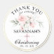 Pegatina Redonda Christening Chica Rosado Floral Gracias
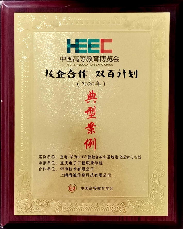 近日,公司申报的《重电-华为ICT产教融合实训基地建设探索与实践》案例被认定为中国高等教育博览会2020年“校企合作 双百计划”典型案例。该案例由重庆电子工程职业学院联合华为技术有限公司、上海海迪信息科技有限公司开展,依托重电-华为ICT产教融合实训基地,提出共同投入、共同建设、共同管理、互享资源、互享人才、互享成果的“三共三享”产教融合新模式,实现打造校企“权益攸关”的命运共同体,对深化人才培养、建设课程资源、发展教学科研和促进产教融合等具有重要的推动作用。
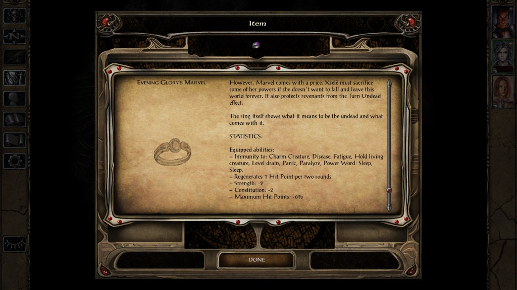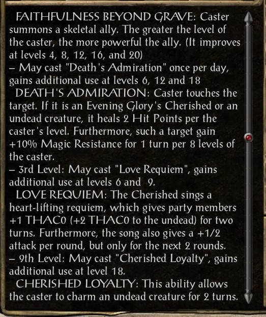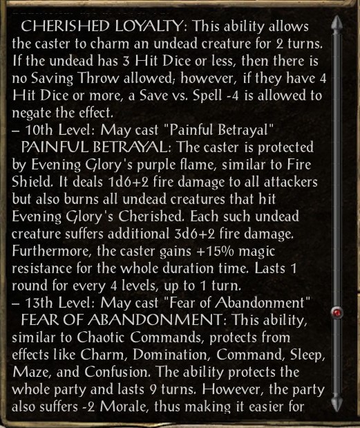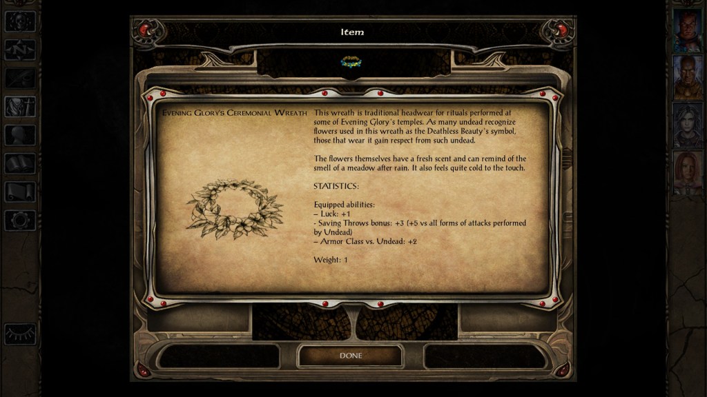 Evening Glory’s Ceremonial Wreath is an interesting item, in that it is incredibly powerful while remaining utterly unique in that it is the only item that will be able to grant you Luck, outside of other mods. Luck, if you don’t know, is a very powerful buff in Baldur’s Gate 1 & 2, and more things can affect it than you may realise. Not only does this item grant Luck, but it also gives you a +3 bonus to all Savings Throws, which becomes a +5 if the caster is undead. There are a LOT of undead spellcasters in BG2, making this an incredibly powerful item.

The problem:
Omit the pictures and reproduce the listing exactly.

Answer space:
 Pegatina Redonda Christening Chica Rosado Floral Gracias
 近日,公司申报的《重电-华为ICT产教融合实训基地建设探索与实践》案例被认定为中国高等教育博览会2020年“校企合作 双百计划”典型案例。该案例由重庆电子工程职业学院联合华为技术有限公司、上海海迪信息科技有限公司开展,依托重电-华为ICT产教融合实训基地,提出共同投入、共同建设、共同管理、互享资源、互享人才、互享成果的“三共三享”产教融合新模式,实现打造校企“权益攸关”的命运共同体,对深化人才培养、建设课程资源、发展教学科研和促进产教融合等具有重要的推动作用。
 Evening Glory’s Ceremonial Wreath is an interesting item, in that it is incredibly powerful while remaining utterly unique in that it is the only item that will be able to grant you Luck, outside of other mods. Luck, if you don’t know, is a very powerful buff in Baldur’s Gate 1 & 2, and more things can affect it than you may realise. Not only does this item grant Luck, but it also gives you a +3 bonus to all Savings Throws, which becomes a +5 if the caster is undead. There are a LOT of undead spellcasters in BG2, making this an incredibly powerful item.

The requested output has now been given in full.